● **Instructions to follow**
From the line that contains "道の駅の売店は、12/1〜3" to the final line below, both included, print each line exactly and skip the pictures.

● **Source material**

<<<<

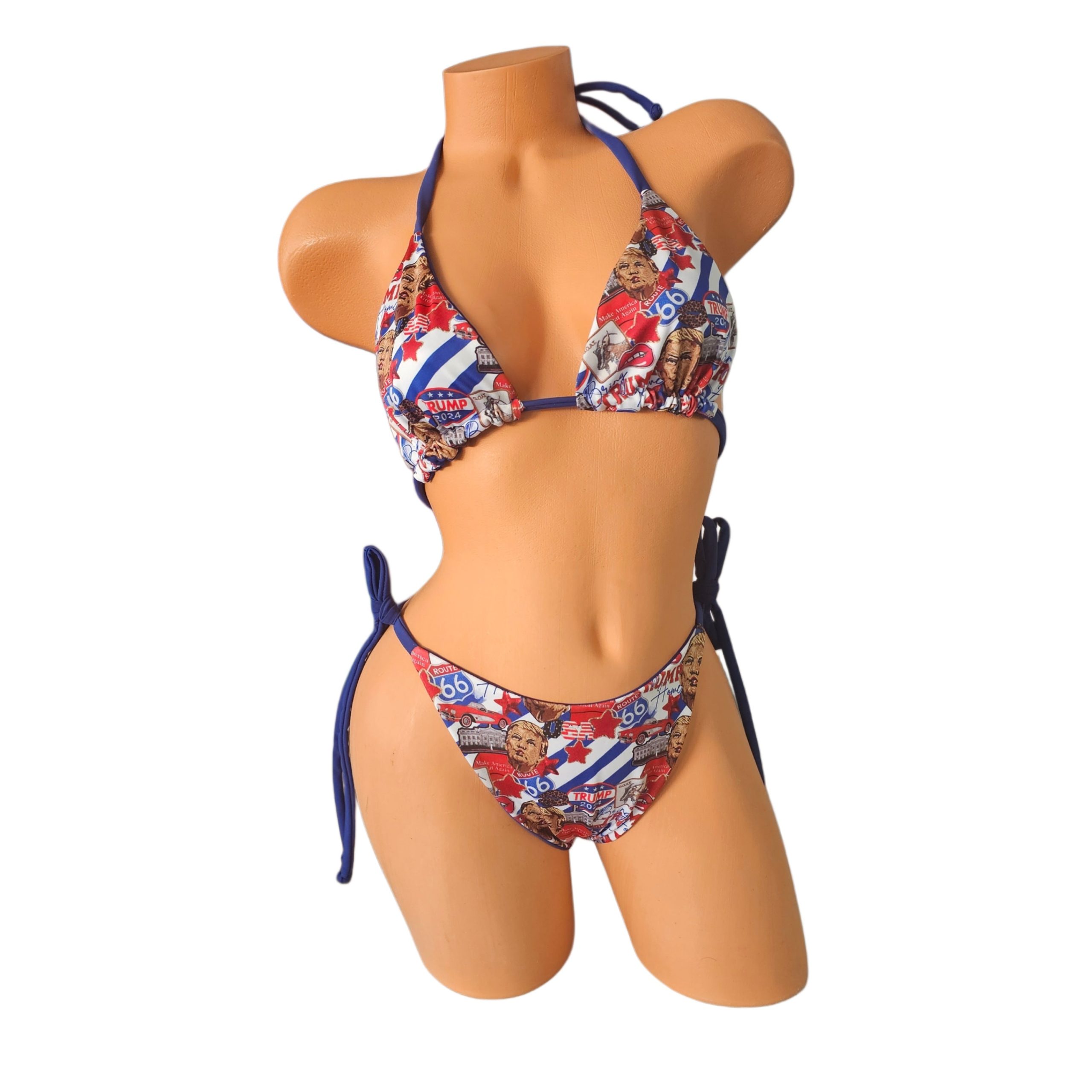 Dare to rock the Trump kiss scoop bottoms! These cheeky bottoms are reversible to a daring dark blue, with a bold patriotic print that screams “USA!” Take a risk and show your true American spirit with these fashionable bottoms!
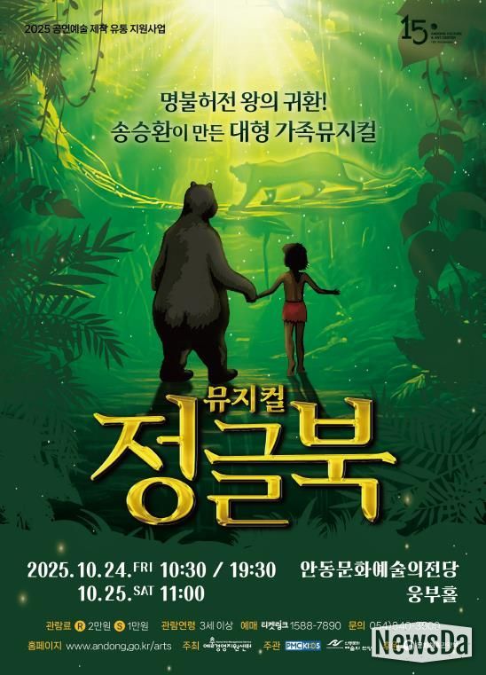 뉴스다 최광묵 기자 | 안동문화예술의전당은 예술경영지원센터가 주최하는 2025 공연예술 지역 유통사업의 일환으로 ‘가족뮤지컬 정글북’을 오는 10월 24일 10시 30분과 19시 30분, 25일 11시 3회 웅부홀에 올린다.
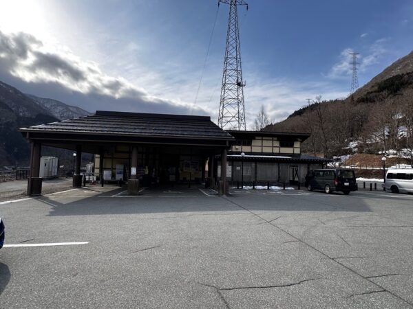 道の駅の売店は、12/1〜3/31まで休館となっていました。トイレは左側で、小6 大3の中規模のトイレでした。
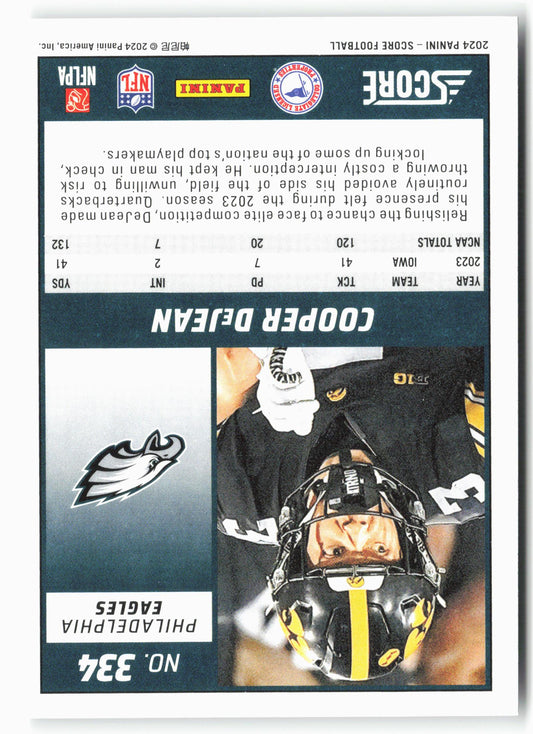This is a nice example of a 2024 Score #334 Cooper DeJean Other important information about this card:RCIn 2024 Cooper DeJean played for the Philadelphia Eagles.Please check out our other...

>>>>

● **Written solution**
 道の駅の売店は、12/1〜3/31まで休館となっていました。トイレは左側で、小6 大3の中規模のトイレでした。
This is a nice example of a 2024 Score #334 Cooper DeJean Other important information about this card:RCIn 2024 Cooper DeJean played for the Philadelphia Eagles.Please check out our other...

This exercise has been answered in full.